==== Stored data

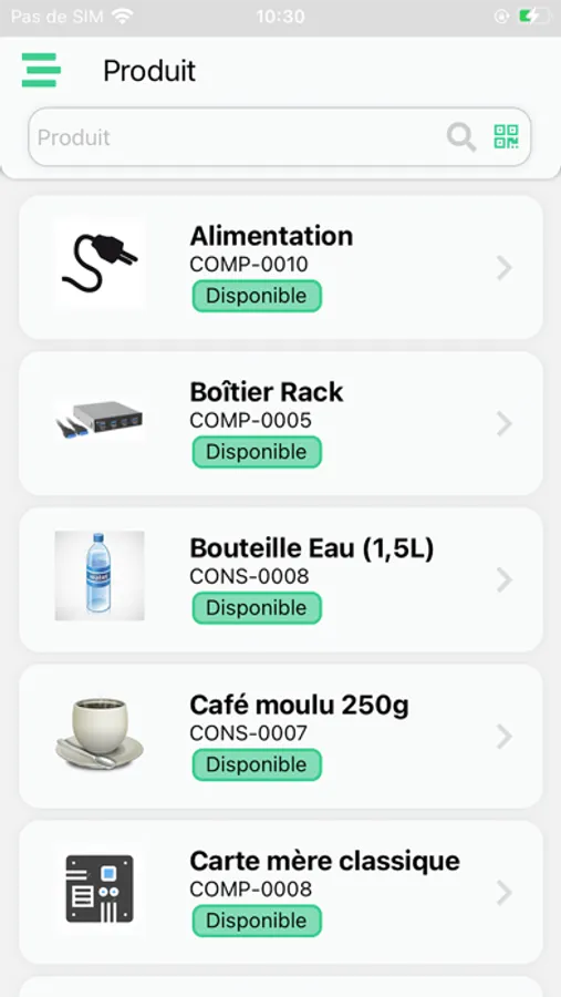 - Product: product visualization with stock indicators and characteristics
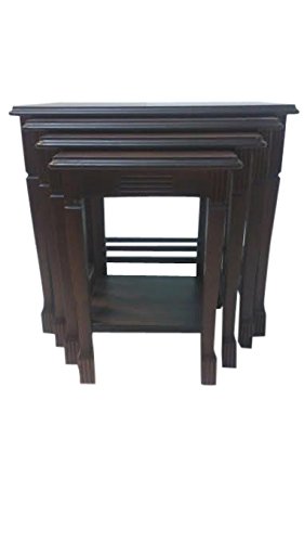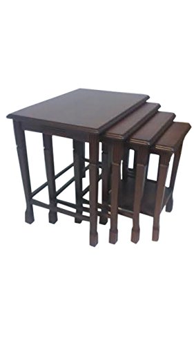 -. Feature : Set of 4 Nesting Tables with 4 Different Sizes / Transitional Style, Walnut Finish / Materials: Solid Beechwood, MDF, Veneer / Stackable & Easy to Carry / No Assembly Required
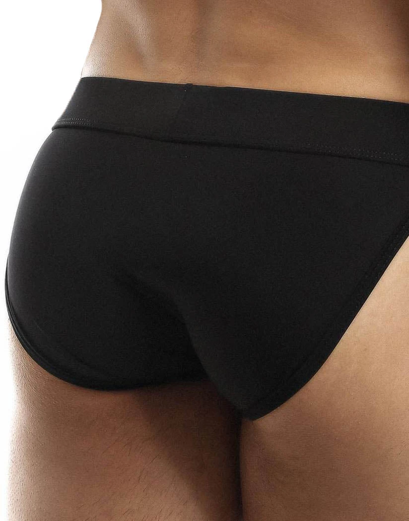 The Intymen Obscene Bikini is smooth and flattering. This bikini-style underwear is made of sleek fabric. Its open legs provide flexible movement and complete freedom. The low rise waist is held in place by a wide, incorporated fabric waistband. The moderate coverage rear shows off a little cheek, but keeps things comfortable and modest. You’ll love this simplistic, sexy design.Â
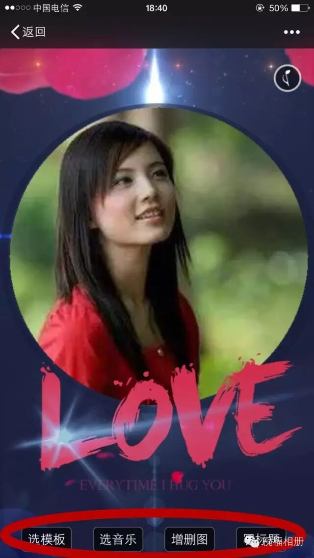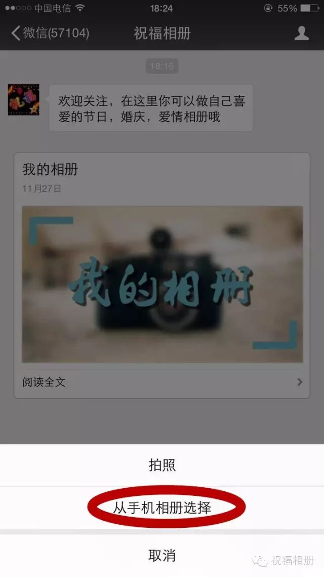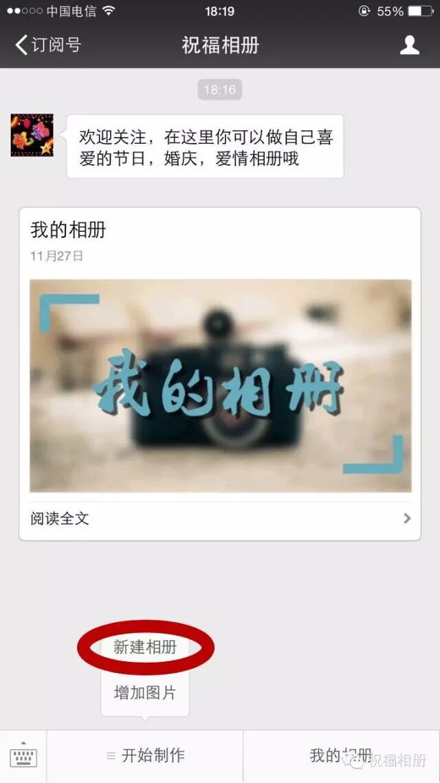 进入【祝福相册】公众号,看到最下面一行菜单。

========

What needs to be done =
From the first line to the last, repeat the data above exactly and leave the pictures out.

Written response =
 - Product: product visualization with stock indicators and characteristics
 -. Feature : Set of 4 Nesting Tables with 4 Different Sizes / Transitional Style, Walnut Finish / Materials: Solid Beechwood, MDF, Veneer / Stackable & Easy to Carry / No Assembly Required
 The Intymen Obscene Bikini is smooth and flattering. This bikini-style underwear is made of sleek fabric. Its open legs provide flexible movement and complete freedom. The low rise waist is held in place by a wide, incorporated fabric waistband. The moderate coverage rear shows off a little cheek, but keeps things comfortable and modest. You’ll love this simplistic, sexy design.Â
 进入【祝福相册】公众号,看到最下面一行菜单。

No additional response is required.